Hong Kong protesters scuffle with police
Clashes erupt in Mong Kong district as demonstrators attempt to reclaim part of a protest site.

Thousands of demonstrators have clashed with police in running scuffles in the district of Mong Kok in a bid to reclaim part of one of the largest and most volatile protest sites in Hong Kong.
Hundreds of riot police early on Saturday baton-charged the crowds with shields, pepper spraying and wrestling a string of protesters to the ground.
The protesters, some of whom pelted police with eggs and bottled water, retreated but regrouped swiftly in other spots.
Many rushed to lay fresh barricades across roads amid a wail of sirens and loud chants for “real full democracy”.
The fresh tensions will be a setback for authorities who have struggled for months to find a resolution to the most serious governance crisis to be faced in the former British colony since it returned to Chinese rule in 1997. The protesters want the 2017 elections for a new leader to be fully democratic.

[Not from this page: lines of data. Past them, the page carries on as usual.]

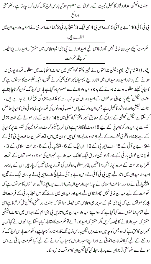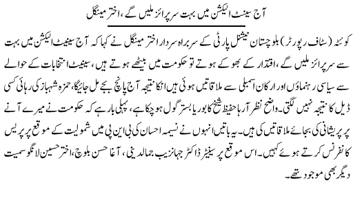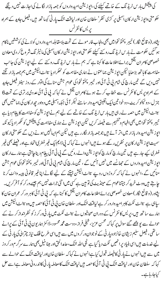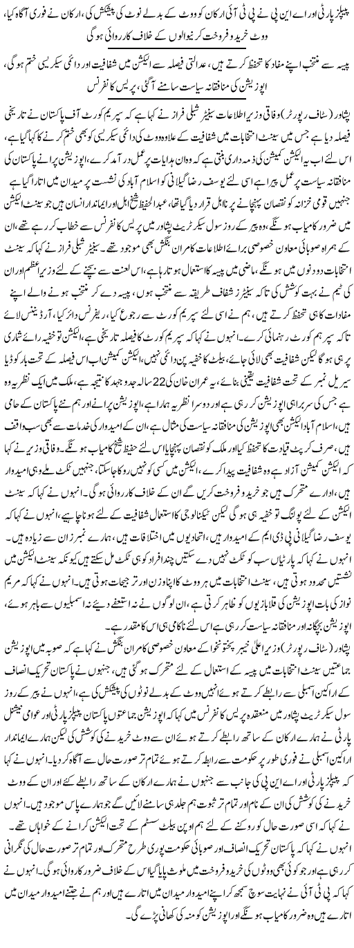 انہوں نے اس دوران الیکشن کمیشن اور سپریم کورٹ کا فیصلہ پڑھ کر سنایا کہ فیصلہ ووٹر کی نیت پر ہوگا۔سات ووٹ قانون کے مطابق کاسٹ ہوئے۔ چیئرمین سینیٹ کا الیکشن عوام کے سامنے چوری کیا گیا۔ہمیں امید ہے کہ ہمیں ہائی کورٹ سے انصاف ملے گا اور فیصلہ ہمارے حق میں آئے گا۔میں نے جنرل الیکشن میں بھی اپنے نام کے اوپر مہر لگائی تھی۔پریذائیڈنگ آفیسر نے ایک جانبدار انہ فیصلہ کیا۔رولز کے مطابق یہ ساتوں ووٹ ٹھیک طریقے سے ڈالے گئے۔عدم اعتماد کے حوالے سے ابھی ہماری مشاورت چل رہی ہے۔ مگر میرا خیال ہے کہ ہمیں عدالت میں جانا چاہیے۔ ہم چاہتے ہیں ہر ادارہ نیوٹرل رہے۔پاکستان میں اس وقت ہر ادارہ نیوٹرل نہیں ہے۔یہ ہماری کوششوں کا نتیجہ ہے کہ کچھ تو رزلٹ سامنے آیا ہے، ملک کے کونے کونے سے حکومت کو شکست کا سامنا کرنا پڑا۔ الیکشن کمیشن نیوٹرل طریقے سے اپنے آپ کو چلا رہا ہے۔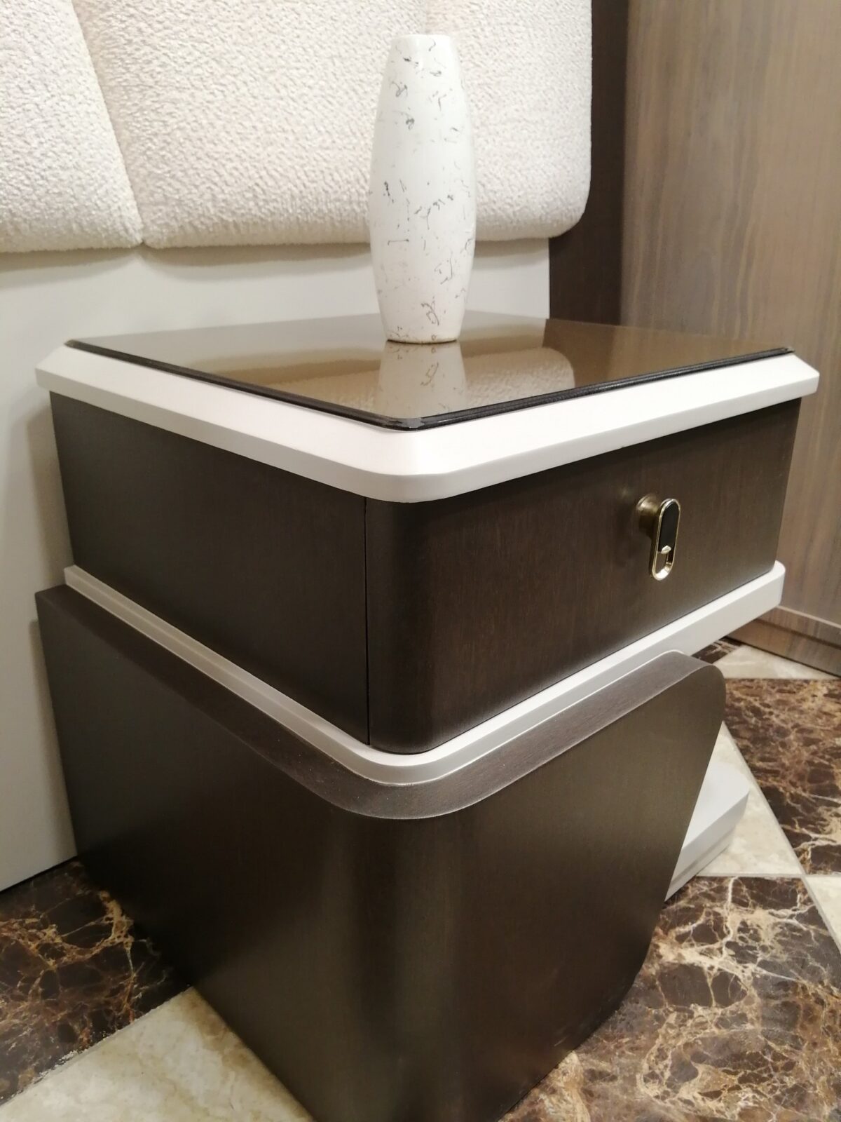 – يُستخدم خشب MDF عالي الكثافة أو زان طبيعي مصبوغ بدهان UV مات يثبت لسنين من غير بهتان.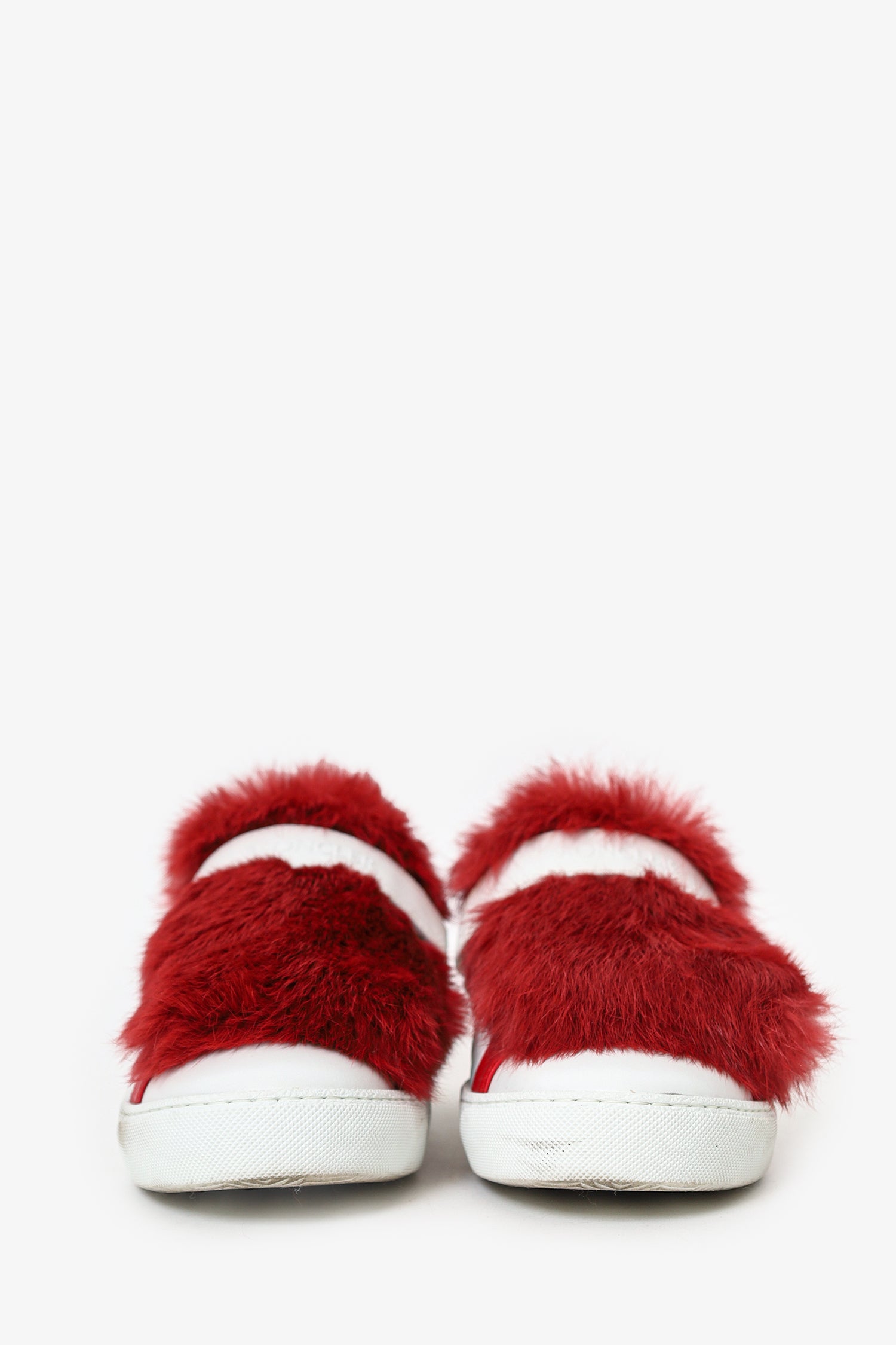 Moncler White Leather/Red Fur Victorie Sneakers Size 37

The protests have simmered for three consecutive nights in Mong Kok since police staged a swift clearance of the area’s protest encampment on Wednesday, arresting more than a hundred people including key student leaders Joshua Wong and Lester Shum.
‘Excessive force’
Amnesty International on Friday warned the police against the use of excessive force after Wong and Shum both said they were beaten during their arrests. Several reporters were also roughed up, prompting the Hong Kong Journalists Association to lodge a formal complaint and plan a protest.
“Is there a need to really use so much force to beat us,” said Wong Ching-san, a young protester wearing a black jacket and flip flops. “We’re not trying to cause violence but when they attack us we fight back.”
Friday marks two months since police first fired tear gas to disperse demonstrators from the main protest site in the Admiralty district next to government offices in the heart of the Asian financial centre.
The protests, which have lasted well beyond many people’s expectations, drew more than 100,000 on to the streets of Hong Kong at the peak.
While numbers have dwindled, they have swelled to several thousand at weekends and at key moments given a deep-rooted frustration at China and Hong Kong’s refusal to in any way offer to meet their democratic demands.
China rules Hong Kong under a “one country, two systems” formula that accords the former British colony a degree of autonomy and freedoms not enjoyed in mainland China, with universal suffrage set as an eventual goal.